Leading economists have frequently drawn attention to the generous treatment given to Germany in the ‘London Agreement’ in 1953 – whilst Germany itself and its partners have studiously avoided all mention of the fact! Half its pre- and post-war debts were cancelled and, more important, it only had to service the remainder when it ran a trade surplus.
“It was after substantial debt relief that the German economy was able to grow — and reform itself —­ in the 1950s.”(Prof Joseph Stiglitz & 17 others, Jan 2015)
“Germany was happy enough to accept massive debt cancellation after the second world war, under the Marshall plan.
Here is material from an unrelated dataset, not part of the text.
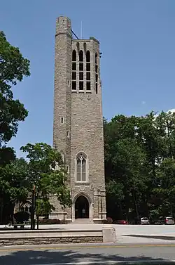 The National Patriots Bell Tower[14] was a later addition to the Chapel, and houses its carillon. The 102 ft (31 m) tower was built entirely with funds raised by members of the National Society of the Daughters of the American Revolution (DAR) over a period of more than a decade.[15] Construction began in 1941, but was suspended due to World War II, and restarted in 1949.[16] The bell tower was completed and dedicated in 1953.

As the current German government itself seems incapable of even a modicum of humility on this score, surely this is something the world should be reminding it of before it succeeds singlehandedly in plunging Greece into the kind of crisis others helped Germany to avoid.” (Professor Naomi Eilan, University of Warwick)
For a more detailed account of debt cancellation under the Marshall Plan, browse for, Calling Germany on its hypocrisy in the Eurozone debt crisis”, by Professor, Albrecht Ritschl, of the LSE.
The Proposal advanced by the Senate of Newcastle University
is the key to unlocking these repeated debt crises!
The motion, proposed by Ian Kitchen, the Students’ Union leader, on 19th June 2001, and passed nem con, stated that:
“Senate congratulates the Jubilee campaign for poor country debt relief on its achievements to date and re-affirms its support… In particular, Senate endorses the call by Kofi Annan, Secretary General of the United Nations, for a new, fair and transparent procedure involving ‘a debt arbitration process to balance the interests of creditors and sovereign debtors and introduce greater discipline into their relations’ (Kofi Annan, 21st Century Action Plan).”
Such a ‘fair and transparent procedure’ would not only resolve debt crises when they occur, but lessen their frequency and severity, since creditors and speculators would no longer be able to assume they would be bailed out by the taxpayer, as they were during the ‘Third World Debt’ crisis of the 70s and 80s, and have been repeatedly since that time.